═════ MATERIAL PROVIDED
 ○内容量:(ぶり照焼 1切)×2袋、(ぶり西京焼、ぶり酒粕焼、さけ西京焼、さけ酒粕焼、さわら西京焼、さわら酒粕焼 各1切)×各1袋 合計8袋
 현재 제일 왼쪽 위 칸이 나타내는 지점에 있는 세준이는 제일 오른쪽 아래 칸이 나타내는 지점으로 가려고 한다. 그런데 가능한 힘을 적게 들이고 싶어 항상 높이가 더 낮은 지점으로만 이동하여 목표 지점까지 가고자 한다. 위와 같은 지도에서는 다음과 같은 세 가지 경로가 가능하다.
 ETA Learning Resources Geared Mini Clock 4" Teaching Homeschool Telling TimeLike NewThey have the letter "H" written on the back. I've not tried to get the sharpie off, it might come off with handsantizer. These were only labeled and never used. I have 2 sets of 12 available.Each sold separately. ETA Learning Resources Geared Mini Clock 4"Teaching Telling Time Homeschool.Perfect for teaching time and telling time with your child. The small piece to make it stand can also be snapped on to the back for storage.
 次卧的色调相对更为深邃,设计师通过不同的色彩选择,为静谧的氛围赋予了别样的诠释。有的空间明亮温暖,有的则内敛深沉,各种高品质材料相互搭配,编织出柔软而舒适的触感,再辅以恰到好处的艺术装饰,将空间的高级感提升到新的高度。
══════════
═════ MATERIAL PROVIDED
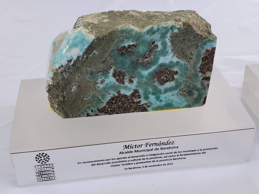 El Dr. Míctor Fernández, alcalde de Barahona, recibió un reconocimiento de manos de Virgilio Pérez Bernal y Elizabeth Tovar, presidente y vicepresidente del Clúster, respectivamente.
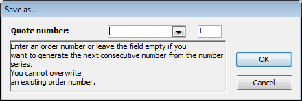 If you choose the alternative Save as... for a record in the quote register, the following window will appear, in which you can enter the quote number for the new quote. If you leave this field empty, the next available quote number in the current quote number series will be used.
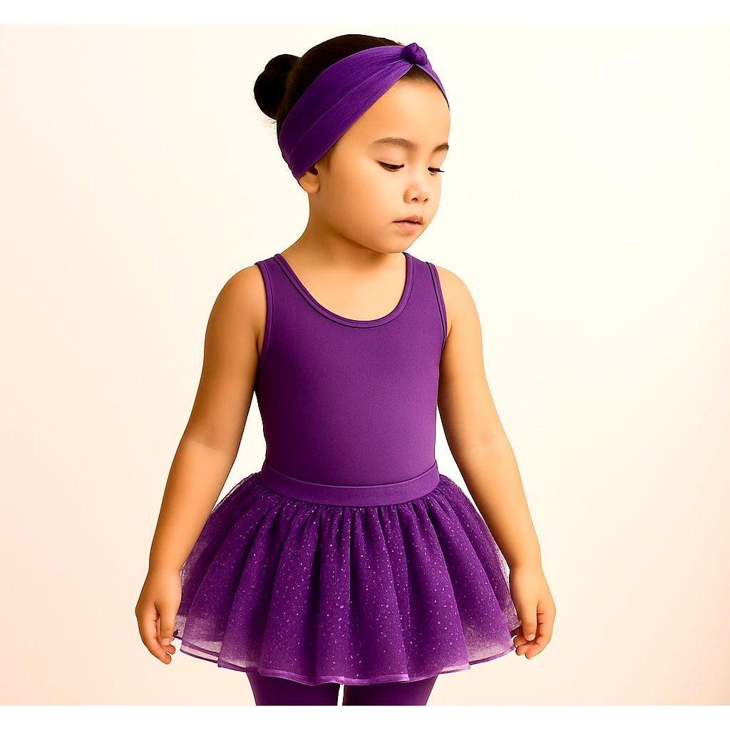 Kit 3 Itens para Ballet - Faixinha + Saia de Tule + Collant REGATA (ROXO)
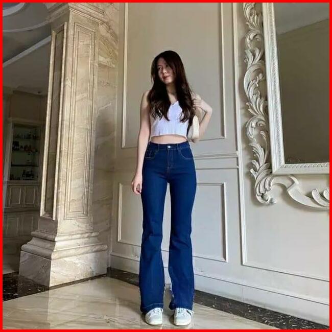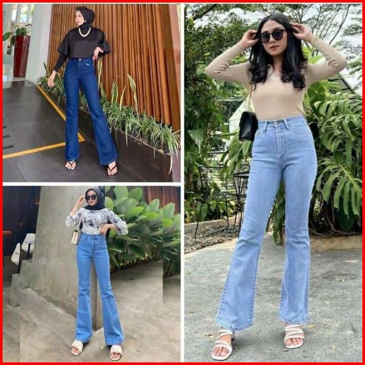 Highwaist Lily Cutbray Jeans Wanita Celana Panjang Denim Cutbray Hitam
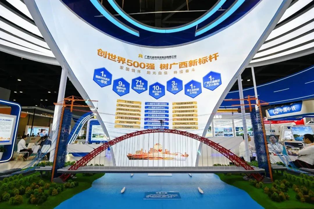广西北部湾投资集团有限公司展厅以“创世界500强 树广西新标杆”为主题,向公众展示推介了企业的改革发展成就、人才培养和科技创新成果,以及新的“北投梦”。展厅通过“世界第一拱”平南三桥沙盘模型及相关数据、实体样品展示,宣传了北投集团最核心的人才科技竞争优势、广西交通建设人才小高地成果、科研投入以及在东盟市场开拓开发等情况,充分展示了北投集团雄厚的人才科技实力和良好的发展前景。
══════════
═════ MATERIAL PROVIDED
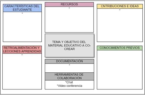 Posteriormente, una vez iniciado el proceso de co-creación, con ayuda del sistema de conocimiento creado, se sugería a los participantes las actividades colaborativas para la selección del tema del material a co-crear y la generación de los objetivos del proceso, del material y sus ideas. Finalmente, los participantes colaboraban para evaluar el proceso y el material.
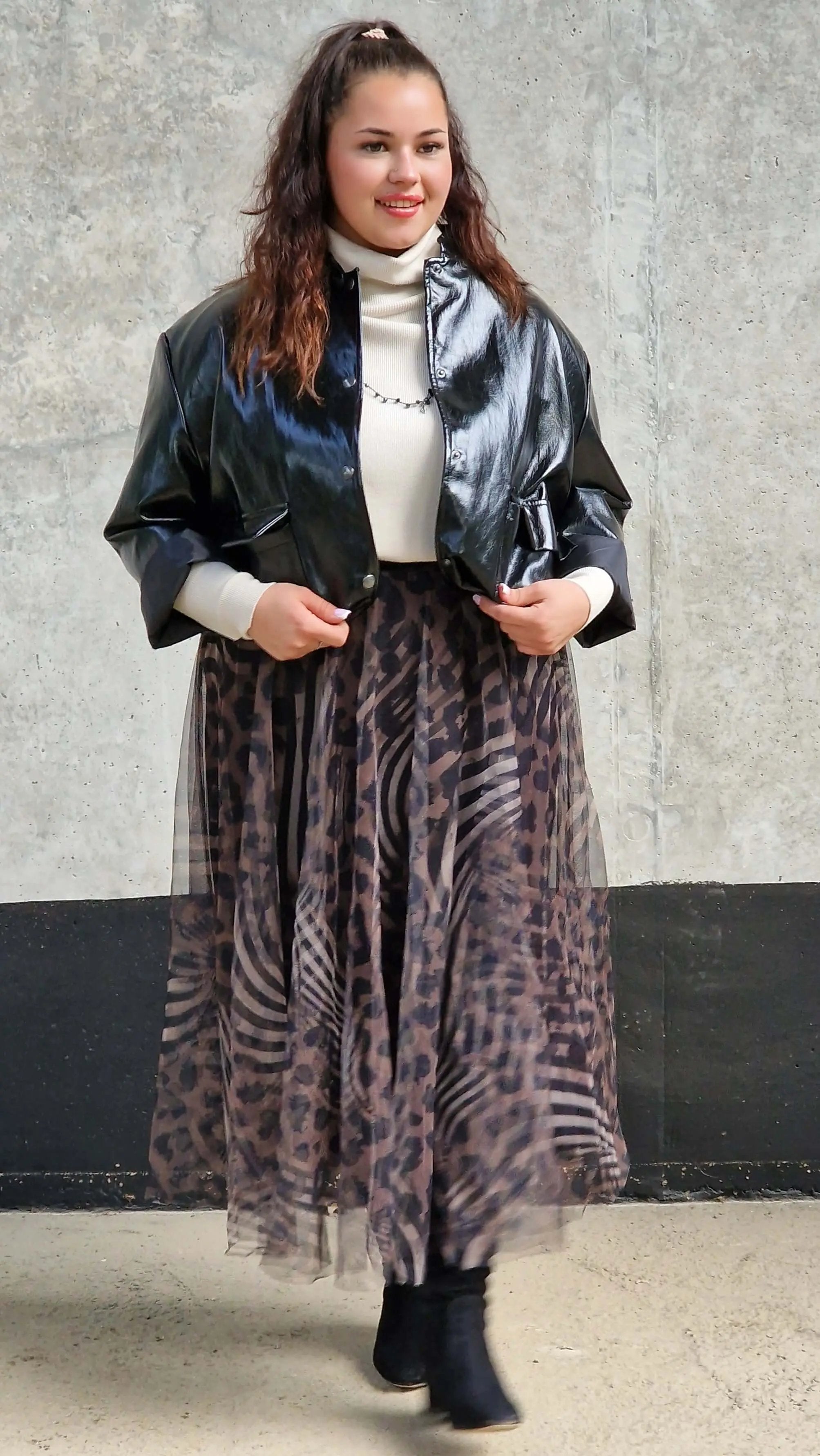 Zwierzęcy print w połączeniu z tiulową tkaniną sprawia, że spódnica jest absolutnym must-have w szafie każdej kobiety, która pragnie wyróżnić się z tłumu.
══════════
[WHAT THE TASK REQUIRES]
Every line above from the line with "1切)×2袋、(ぶり西京焼、ぶり酒粕焼、さけ西京焼、さけ酒粕焼、さわら西京焼、さわら酒粕焼 各1切)×各1袋 合計8袋" to the line with "次卧的色调相对更为深邃,设计", both included, must be reproduced exactly, and no other line may appear.

[TASK RESULT]
 ○内容量:(ぶり照焼 1切)×2袋、(ぶり西京焼、ぶり酒粕焼、さけ西京焼、さけ酒粕焼、さわら西京焼、さわら酒粕焼 各1切)×各1袋 合計8袋
 현재 제일 왼쪽 위 칸이 나타내는 지점에 있는 세준이는 제일 오른쪽 아래 칸이 나타내는 지점으로 가려고 한다. 그런데 가능한 힘을 적게 들이고 싶어 항상 높이가 더 낮은 지점으로만 이동하여 목표 지점까지 가고자 한다. 위와 같은 지도에서는 다음과 같은 세 가지 경로가 가능하다.
 ETA Learning Resources Geared Mini Clock 4" Teaching Homeschool Telling TimeLike NewThey have the letter "H" written on the back. I've not tried to get the sharpie off, it might come off with handsantizer. These were only labeled and never used. I have 2 sets of 12 available.Each sold separately. ETA Learning Resources Geared Mini Clock 4"Teaching Telling Time Homeschool.Perfect for teaching time and telling time with your child. The small piece to make it stand can also be snapped on to the back for storage.
 次卧的色调相对更为深邃,设计师通过不同的色彩选择,为静谧的氛围赋予了别样的诠释。有的空间明亮温暖,有的则内敛深沉,各种高品质材料相互搭配,编织出柔软而舒适的触感,再辅以恰到好处的艺术装饰,将空间的高级感提升到新的高度。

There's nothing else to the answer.